Kellman Benjamin P, Mariethoz Julien, Zhang Yujie, Shaul Sigal, Alteri Mia, Sandoval Daniel, Jeffris Mia, Armingol Erick, Bao Bokan, Lisacek Frederique, Bojar Daniel, Lewis Nathan E
Department of Pediatrics, University of California, San Diego, La Jolla, CA 92093, USA.
Department of Bioengineering, University of California, San Diego, La Jolla, CA 92093, USA.
bioRxiv. 2024 May 23:2024.05.15.594334. doi: 10.1101/2024.05.15.594334.
Glycosylation is described as a non-templated biosynthesis. Yet, the template-free premise is antithetical to the observation that different N-glycans are consistently placed at specific sites. It has been proposed that glycosite-proximal protein structures could constrain glycosylation and explain the observed microheterogeneity. Using site-specific glycosylation data, we trained a hybrid neural network to parse glycosites (recurrent neural network) and match them to feasible N-glycosylation events (graph neural network). From glycosite-flanking sequences, the algorithm predicts most human N-glycosylation events documented in the GlyConnect database and proposed structures corresponding to observed monosaccharide composition of the glycans at these sites. The algorithm also recapitulated glycosylation in Enhanced Aromatic Sequons, SARS-CoV-2 spike, and IgG3 variants, thus demonstrating the ability of the algorithm to predict both glycan structure and abundance. Thus, protein structure constrains glycosylation, and the neural network enables predictive glycosylation of uncharacterized or novel protein sequences and genetic variants.

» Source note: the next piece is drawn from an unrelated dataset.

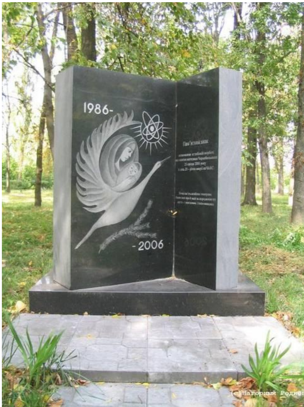
Памятный знак, установленный к двадцатилетию аварии на ЧАЭС. Парк в Чернобыле.
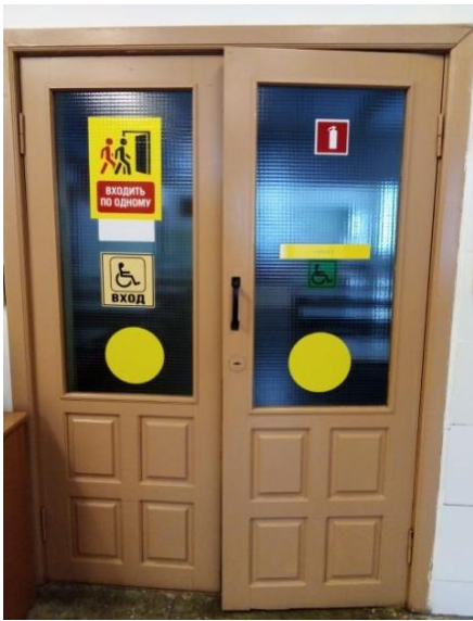
Центральный корпус школы, 1 этаж. Вход и выход из столовой для детей с ОВЗ.

糖基化被描述为一种非模板化生物合成。然而,无模板这一前提与不同N-聚糖始终位于特定位点的观察结果相悖。有人提出,糖基化位点附近的蛋白质结构可能会限制糖基化,并解释所观察到的微观异质性。利用位点特异性糖基化数据,我们训练了一个混合神经网络来解析糖基化位点(循环神经网络),并将它们与可行的N-糖基化事件(图神经网络)进行匹配。该算法从糖基化位点侧翼序列预测了GlyConnect数据库中记录的大多数人类N-糖基化事件,并提出了与这些位点观察到的聚糖单糖组成相对应的结构。该算法还概括了增强型芳香序列、SARS-CoV-2刺突蛋白和IgG3变体中的糖基化,从而证明了该算法预测聚糖结构和丰度的能力。因此,蛋白质结构限制了糖基化,而神经网络能够对未表征或新的蛋白质序列及基因变体进行预测性糖基化。